▶ [REQUIREMENT]
What is needed here is each entry reproduced exactly, without its pictures.

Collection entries
++++

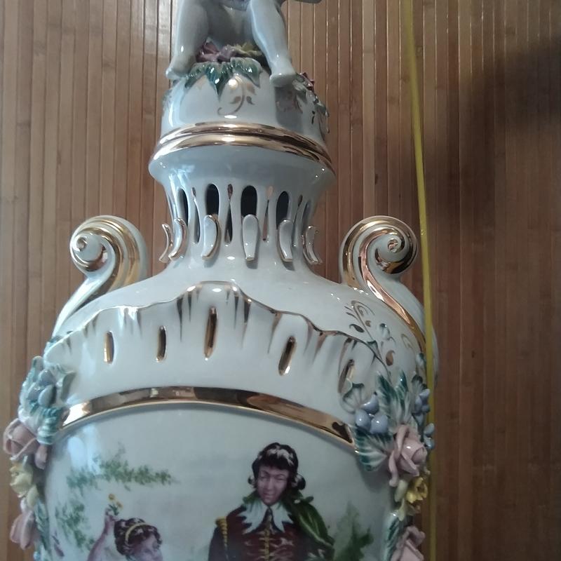 Произведение искусства . Уникальная ваза, очень редкая . Фарфоровая ваза с крышкой. Фигурка Пути, лепнина - фарфоровые цветы, галантгая сцена , роспись золотом , прорезной фарфор.
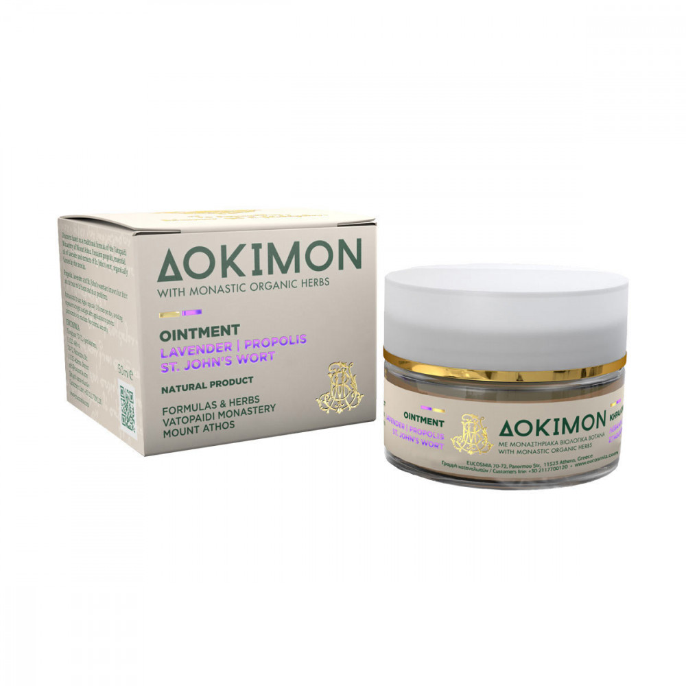 Unguentul cu lavanda, propolis si sunatoare, Dokimon, de la Manastirea Vatopedi, Sfantul Munte Athos este recomandat pentru afectiuni ale pielii.
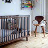 The Rhea Crib offers a combination of elegance and functionality. With sleek Scandinavian design features, the crib creates a stylish yet calm sleeping space for your new, adorable family member. Rich walnut tones pair with matte white for a versatile aesthetic ready to complement a range of decor.
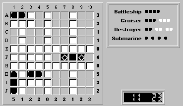 We'll now show that a cruiser cannot be placed in position (H,10)-(J,10). The following figure shows what the board would look like if a cruiser were placed at (H,10)-(J,10):
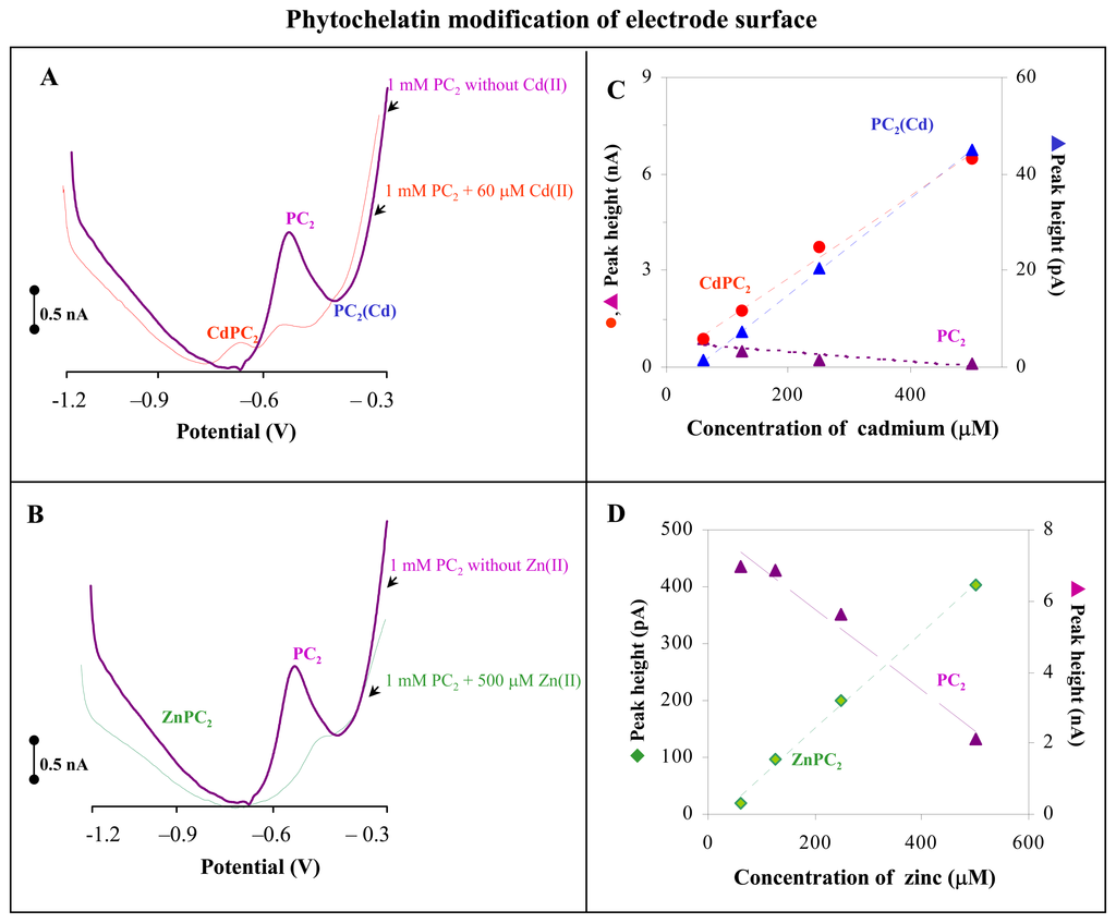 In the case of Zn(II) determination by PC2 modified HMDE, we observed only one additive signal, which was named ZnPC2: –1.09 V, in comparison with control detection of PC2 without interaction with Zn(II). The signal of PC2 linear decreased and ZnPC2 signal linearly increased (y = 0.8496x -18.598, R2 = 0.9961) according to rising Zn(II) concentration. The detection limit (3 S/N) of Zn(II) calculated from increase of ZnPC2 peak was about 13.30 pmole in 5 μl (2.66 μM); see Figure 3D.

++++

▶ [WORKED SOLUTION]
 Произведение искусства . Уникальная ваза, очень редкая . Фарфоровая ваза с крышкой. Фигурка Пути, лепнина - фарфоровые цветы, галантгая сцена , роспись золотом , прорезной фарфор.
 Unguentul cu lavanda, propolis si sunatoare, Dokimon, de la Manastirea Vatopedi, Sfantul Munte Athos este recomandat pentru afectiuni ale pielii.
 The Rhea Crib offers a combination of elegance and functionality. With sleek Scandinavian design features, the crib creates a stylish yet calm sleeping space for your new, adorable family member. Rich walnut tones pair with matte white for a versatile aesthetic ready to complement a range of decor.
 We'll now show that a cruiser cannot be placed in position (H,10)-(J,10). The following figure shows what the board would look like if a cruiser were placed at (H,10)-(J,10):
 In the case of Zn(II) determination by PC2 modified HMDE, we observed only one additive signal, which was named ZnPC2: –1.09 V, in comparison with control detection of PC2 without interaction with Zn(II). The signal of PC2 linear decreased and ZnPC2 signal linearly increased (y = 0.8496x -18.598, R2 = 0.9961) according to rising Zn(II) concentration. The detection limit (3 S/N) of Zn(II) calculated from increase of ZnPC2 peak was about 13.30 pmole in 5 μl (2.66 μM); see Figure 3D.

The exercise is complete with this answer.